**EXERCISE**. Copy out the lines beginning at the one with "場所 :東京建物八重洲ビル(10/27-28)、東京スク" and ending at the last line of the data, both included; pictures stay out.

**Records from a collection**.
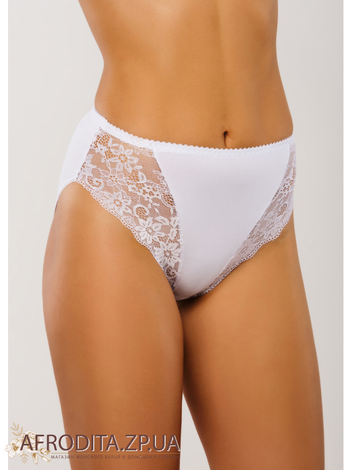Труси жіночі з кружевомІзделіе дуже хорошої якості з трикотажного полотна і мережива. Модель з високою лінією талії, закриті. Склад трикотажного полотна: бавовна-92%, лайкра-8%. Склад мережива: нейлон-88%, еластан-12%.
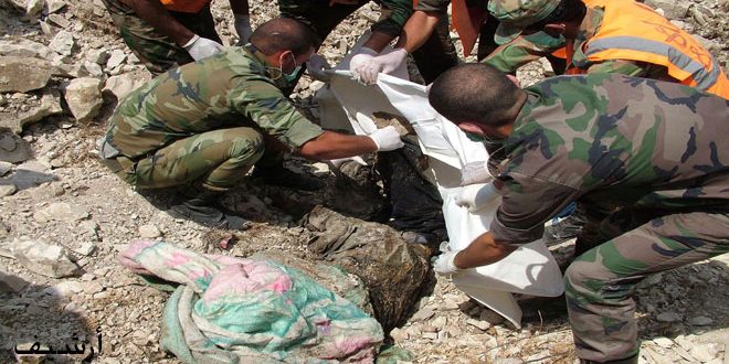 Une source sur le terrain a déclaré au correspondant de l’Agence Sana que lors des opérations de ratissage de l’aéroport de Palmyre, on a trouvé une fosse commune au sud-ouest de l’aéroport contenant 31 dépouilles, dont un enfant et une femme, tués à la main des criminels de Daech.
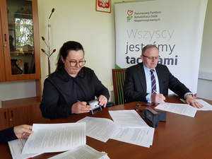 W siedzibie Oddziału Świętokrzyskiego PFRON Katarzyna Frańczak prezes Fundacji Ziarno Nadziei i dyrektor Oddziału Andrzej Michalski podpisali dwie umowy dotyczące realizacji dwóch projektów dotyczących rehabilitacji zawodowej osób z niepełnosprawnościami – wejście na rynek pracy. Pierwszy projekt „Kierunek Praca” drugi „Życiowa Szansa”. Projekty są skierowane do osób z niepełnosprawnościami z orzeczeniem o niepełnosprawności umiarkowanej, lekkiej i znacznej. – Osoby z niepełnosprawnością wezmą udział w zajęciach aktywizacyjnych z doradcą zawodowym, w warsztatach psychologicznych, stażach oraz planowane jest ich wsparcie w znalezieniu pracodawców.
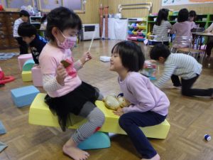 お友だちと一緒に遊ぶと楽しいもいぱいになるね!
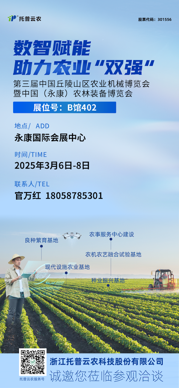 展會預(yù)告丨托普云農(nóng)邀您共赴第三屆中國(永康)農(nóng)林裝備博覽會
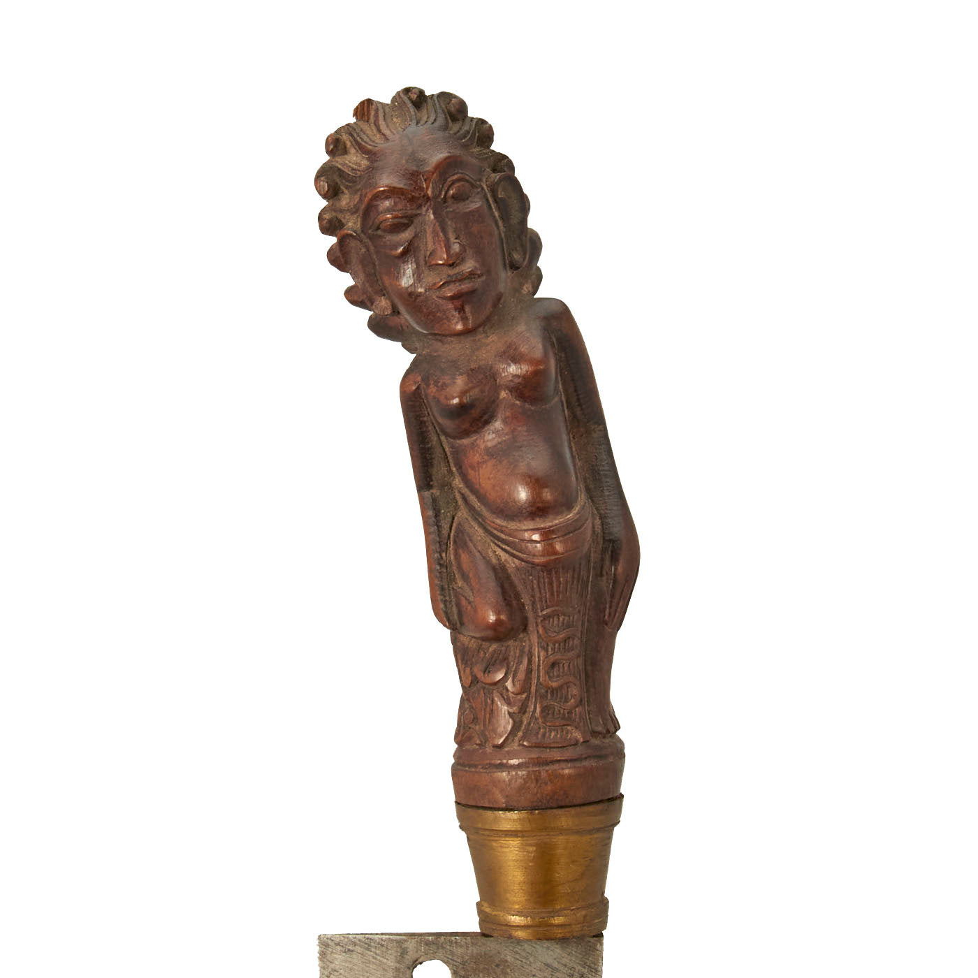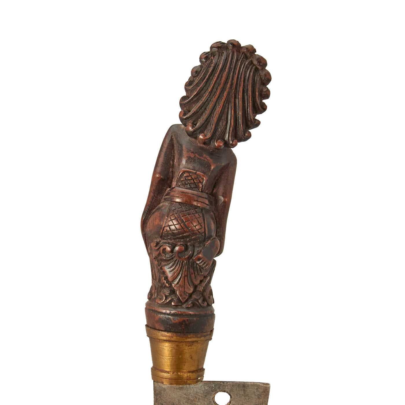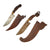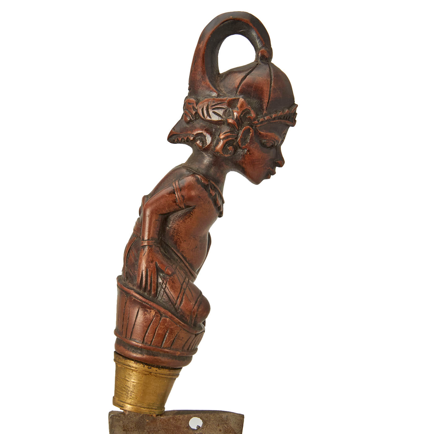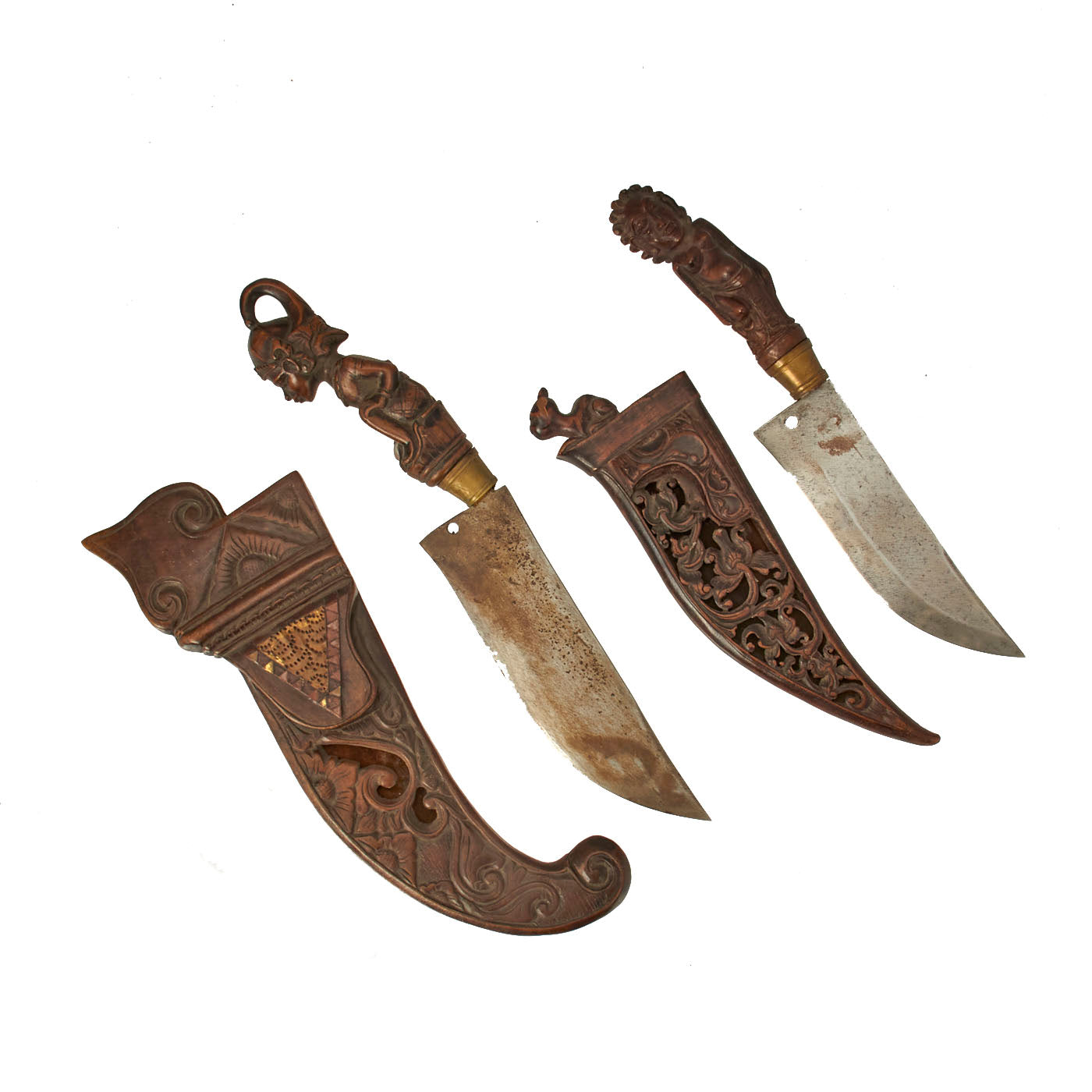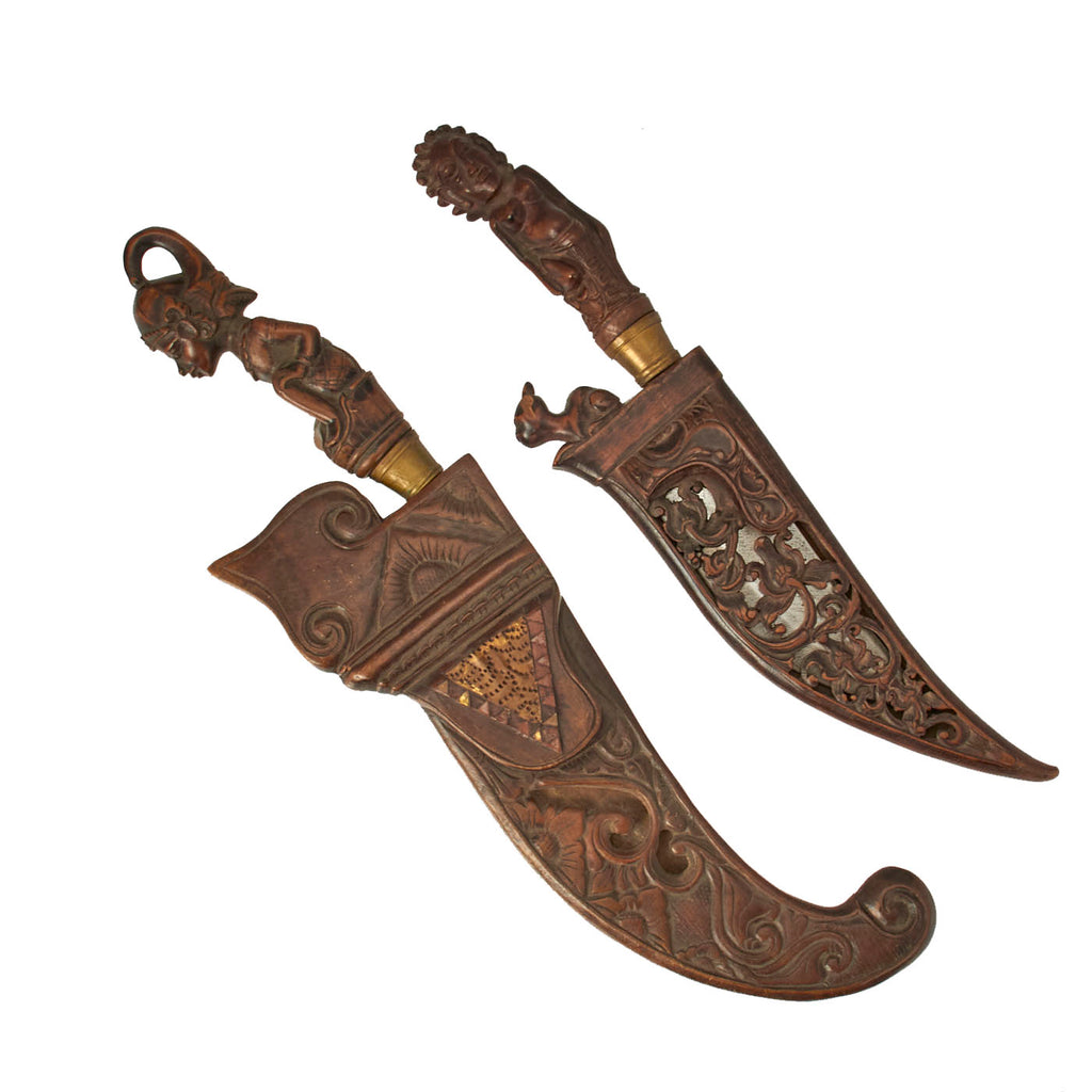 The knife set is from Indonesia, especially the Batak people. These are usually a short sort, with an overall length of 11 1/2 inches and a 6 1/2 inch blade. The larger knife measures an overall length of 13 ½ inches with a 7 ½ inch blade. These were the standard self-defense sidearm of Batak men. These examples have a typically shaped blade and the hilts are wood fitted with brass. The hilts themselves are a woman with the other being what appears to be a man with an animal face on the back of his head.
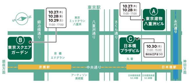 場所 :東京建物八重洲ビル(10/27-28)、東京スクエアガーデン(10/27-29)、日本橋プラザビル(10/30)
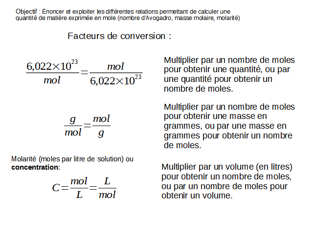 Par exemple, pour obtenir une quantité en moles à partir d'une quantité en grammes, on multiplie cette dernière par l'inverse de sa masse molaire.
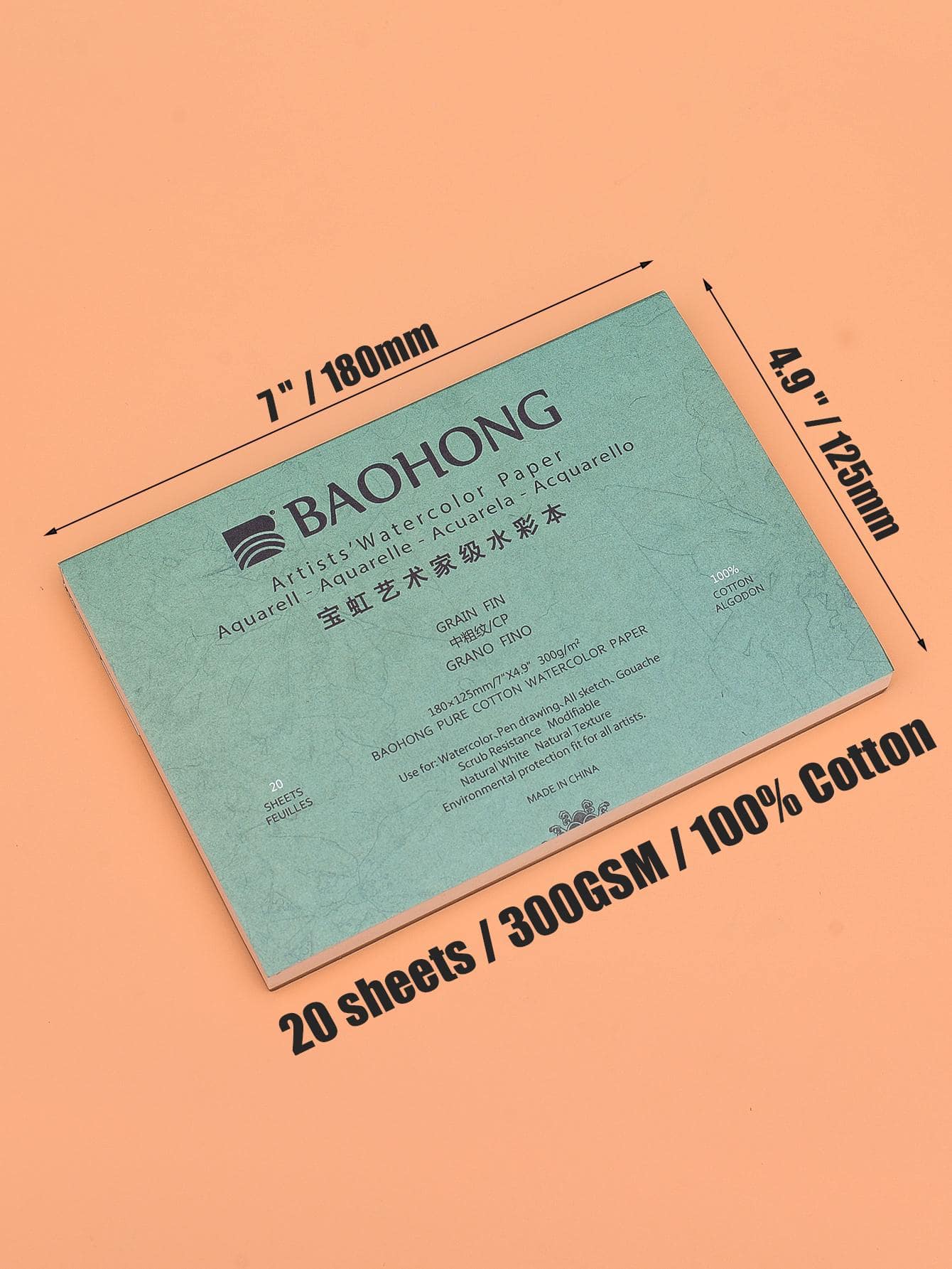 Baohong Acamy Aquarellblock, 20 Blatt, Säurefrei, 300 G, 140 Pfund

**RESULT FOR THIS EXERCISE**.
 場所 :東京建物八重洲ビル(10/27-28)、東京スクエアガーデン(10/27-29)、日本橋プラザビル(10/30)
 Par exemple, pour obtenir une quantité en moles à partir d'une quantité en grammes, on multiplie cette dernière par l'inverse de sa masse molaire.
 Baohong Acamy Aquarellblock, 20 Blatt, Säurefrei, 300 G, 140 Pfund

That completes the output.